But if you run this code, you may notice it returns the maximum, not in 100% of cases. This is because we are storing four maximums between each portion of an array. So, only one of those four is the maximum. But how can we find the maximum among four numbers? Running a loop seems obvious but not effective enough…

We may use the shuffle intrinsic! That is, cycle-shifting vector three times and finding maximum between that shifted vector and its previous value.
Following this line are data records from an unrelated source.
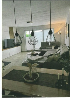
Wohnzimmer mit Blick zur Terrasse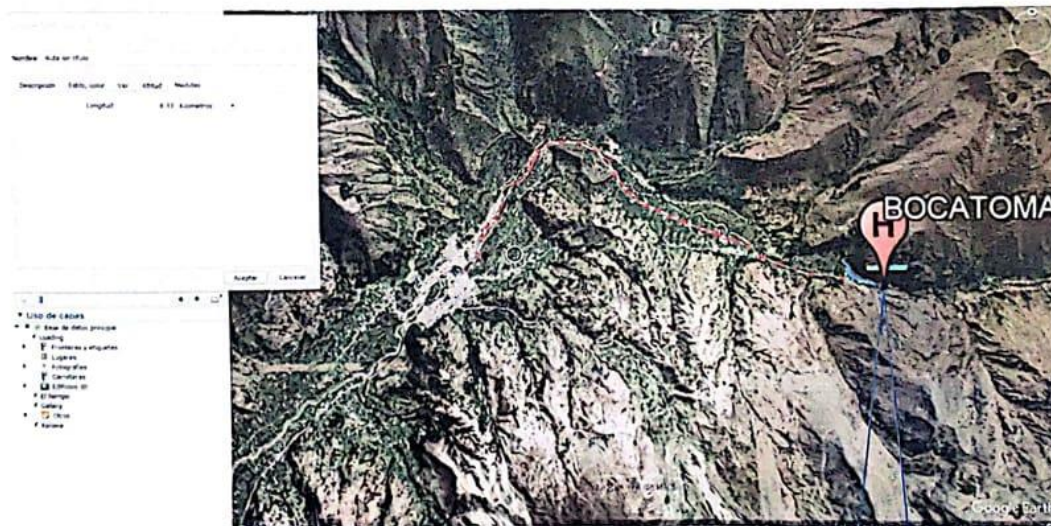
Mapa de Ubicación Política de la Fuente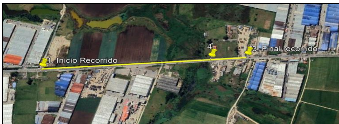
Ilustración 1. Recorrido de control y vigilancia en la vereda La Isla.

Con base en lo anterior, el día 27 de septiembre de 2024 se realizó recorrido de control y vigilancia en la vereda La Isla desde las coordenadas 4°43'56.13"N – 74°11'8.862"O hasta las coordenadas 4°43'28.794"N – 74°11'36.012"O (ver ilustración 1. Ruta amarilla)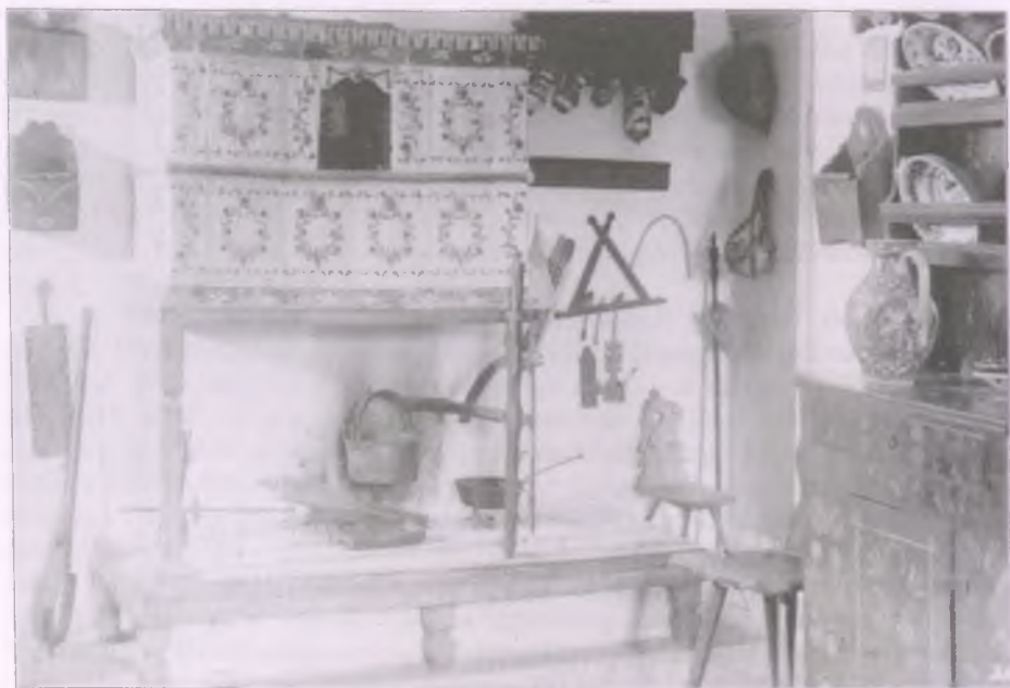
A székelyudvarhelyi református kollégium múzeumának egy részlete (Fotó: id. Kováts István, Néprajzi Múzeum, F 311194)

That will give us the maximum in all four positions of our vector.

Here is a better explanation:

If we want to cycle-shift a 4-number array, we use _mm_shuffle_ps intrisinc.

It takes 3 parameters: m1, m2, and mask. First two are four-word (four-number) packs. The mask consists of four numbers and shows which elements of pack m2 and which elements of pack m1 will form the result. This mask could be obtained using _MM_SHUFFLE(z, y, x, w) macro, which forms an integer according to the formula (z << 6) | (y << 4) | (x << 2) | w.

Given those definitions, the call m3 = _mm_shuffle_ps(m1, m2, _MM_SHUFFLE(z, y, x, w)) is equal to the formula m3 = (m2(z) << 6) | (m2(y) << 4) | (m1(x) << 2) | m1(w).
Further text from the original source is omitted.